The study also looked at uninsured workers who get charity care at Illinois hospitals or who fail to pay all or some of their bills. Hospitals’ charity bills for these workers came to $77 million during a recent eight-month period. Companies whose workers most often request subsidized care are a who’s who of the service industry, including Wal-Mart, McDonald’s, Burger King, Target, Jewel, Manpower and Kelly Services, according to the report. Also at the top of the list is the State of Illinois, which doesn’t offer insurance to workers who provide in-home care for the elderly.

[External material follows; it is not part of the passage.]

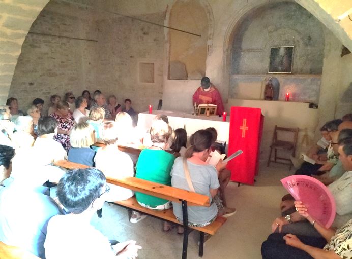 L’església es fa petita per la missa de Mossèn Otaba : uns la podrem seguir des de la porta i, d’altres, als bancs i cadires què, ordenadament, acullen a la prop d’una setantena d’assistents totals; crec que l’Aplec hauria de retornar a la missa a l’aire lliure deixant l’església, oberta, per al recolliment i visita, especialment per un espai on, les limitacions de mobilitat d’una part dels assistents, no han estat contemplades (carrer d’accés, esglaons de baixada a l’interior de l’església, accés al mirador, suposats esglaons, manca d’il·luminació interior..).

“This goes far beyond Wal-Mart or any other service industry provider. It’s a much broader problem,” said state Sen. Jeffrey Schoenberg (D-Evanston), who sponsored legislation last year mandating the new report. “The myth is that public health insurance has expanded because of individuals and families who have no employment. The reality is that enrollment is increasing because employers in retail and hospitality and other service sectors are failing to provide health insurance coverage to their employees.”

Businesses contend they do the best they can to provide benefits while trying to stay competitive. “A lot of these folks are part-time workers and aren’t eligible for benefit packages. It is not the responsibility of the employer community to solve all of the financial issues in people’s lives,” said David Vite, president and chief executive of the Illinois Retail Merchants Association. …

Based on the incomplete data, the cost of hospital charity care to 1,132 patients who identified themselves as Wal-Mart employees during a recent 12-month period totaled nearly $2.5 million, more than any other Illinois employer. Total costs can’t be extrapolated from this partial data, experts warned. Wal-Mart employs more than 45,000 people in Illinois.

Company spokesman Dan Fogleman said the retailer is improving benefits, most recently by cutting the waiting time for eligibility for insurance to one year from two years and adding a health insurance plan that costs as little as $11 per month. “We are doing our part as an employer to provide affordable, accessible and secure health insurance,” he said.

McDonald’s ranked No. 2 after Wal-Mart, with medical costs totaling $2.4 million for 1,248 uninsured who said they worked for the fast-food chain. The Oak Brook-based employer and its franchisees employ more than 10,000 in Illinois, the majority employed by franchisees who set their own wage and benefit standards. “McDonald’s workforce is diverse and cannot be defined as a simple one size fits all,” the company said in an e-mailed statement. “It includes students, moms, dads and seniors who represent full-time and part-time employees and salaried managers in our restaurants.” Workers at company-owned restaurants have access to health care, the statement said, but coverage for many young adult workers falls under their parents’ medical programs.